Kolaka, Berikabar.co – PT Vale Indonesia Tbk menegaskan pembangunan Indonesia Growth Project (IGP) Pomalaa tidak hanya berorientasi pada kemajuan industri nikel nasional, tetapi juga mengedepankan keberlanjutan, perlindungan lingkungan, kepatuhan hukum, dan peningkatan kesejahteraan masyarakat sekitar.
Komitmen tersebut disampaikan Chief Sustainability & Corporate Affairs Officer PT Vale, Budiawansyah, dalam kunjungan kerja Komisaris MIND ID sekaligus Astamaops Kapolri Komjen Pol. Mohammad Fadil Imran bersama Direktur Utama MIND ID Maroef Sjamsoeddin ke kawasan proyek PT Vale di Pomalaa, Kabupaten Kolaka.

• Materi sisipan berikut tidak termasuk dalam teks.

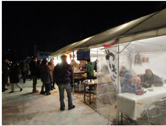
★無料休憩処は全10日間解放、たくさんの方にご利用いただきました
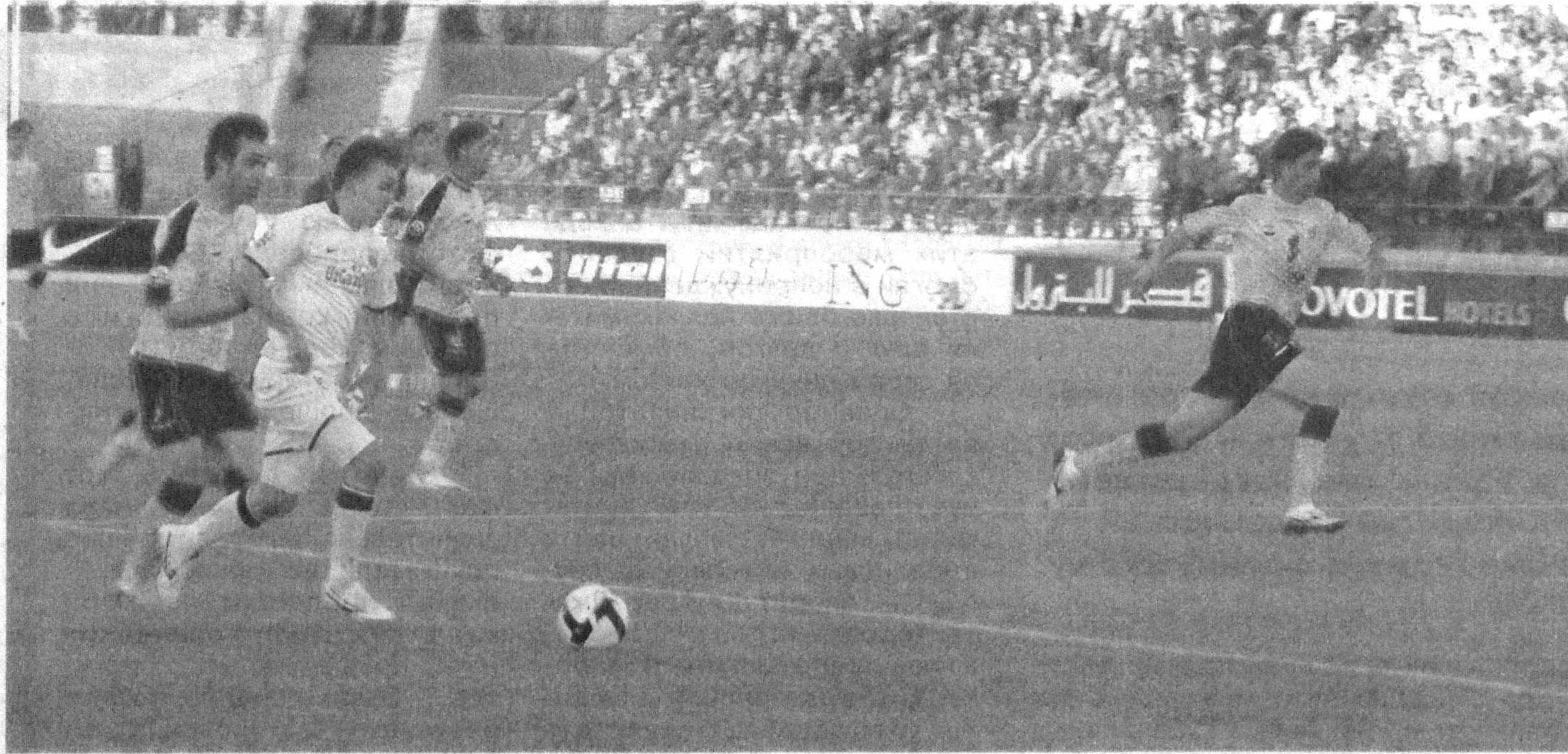
Игра в разгаре.

Kunjungan tersebut menjadi momentum penguatan sinergi antara MIND ID, pemerintah daerah, aparat penegak hukum, TNI, Polri, Kejaksaan, serta para pemangku kepentingan guna memastikan pembangunan Proyek Strategis Nasional (PSN) Blok Pomalaa berjalan aman dan berkelanjutan.
Budiawansyah menegaskan bahwa keberhasilan proyek tidak hanya diukur dari penyelesaian pembangunan fisik, tetapi juga dari kemampuan perusahaan menjaga kepercayaan publik dan menghadirkan manfaat bagi daerah.
“Bagi PT Vale, keberhasilan IGP Pomalaa tidak hanya diukur dari kemajuan fisik proyek, tetapi juga dari kemampuan kami menjaga kepercayaan masyarakat, mematuhi regulasi, dan menghadirkan manfaat jangka panjang bagi daerah. Kami percaya, hilirisasi yang kuat harus berjalan bersama tata kelola yang baik, dialog yang terbuka, serta perlindungan terhadap lingkungan dan hak masyarakat,” ujar Budiawansyah.
Menurutnya, pendekatan pembangunan IGP Pomalaa mengintegrasikan aspek ekonomi, sosial, lingkungan, dan tata kelola sehingga pertumbuhan industri dapat berjalan beriringan dengan peningkatan kapasitas masyarakat, peluang usaha lokal, dan kesejahteraan yang inklusif.
Sementara itu, Chief Project Officer PT Vale, Muhammad Asril, memastikan pembangunan fasilitas HPAL Pomalaa terus berjalan dengan mengutamakan keselamatan kerja, kualitas konstruksi, serta disiplin pelaksanaan proyek.
“IGP Pomalaa adalah proyek strategis dengan skala besar dan tingkat kompleksitas tinggi. Karena itu, setiap tahapan pembangunan kami jalankan secara disiplin, terukur, dan mengutamakan keselamatan. Kolaborasi bersama KNI, IPIP, Huayou, Ford, pemerintah, dan seluruh pemangku kepentingan menjadi kunci agar proyek ini dapat memberikan nilai tambah optimal bagi Indonesia dan masyarakat Kolaka,” kata Muhammad Asril.
PT Vale menegaskan seluruh tahapan pembangunan IGP Pomalaa akan terus mengacu pada praktik pertambangan yang baik, standar keselamatan kerja, tata kelola lingkungan, kepatuhan terhadap perizinan, serta prinsip tata kelola perusahaan yang baik. Dengan dukungan MIND ID dan kolaborasi seluruh pemangku kepentingan, proyek tersebut diharapkan menjadi model pengembangan hilirisasi nikel berkelanjutan yang memperkuat posisi Indonesia dalam rantai pasok baterai kendaraan listrik global.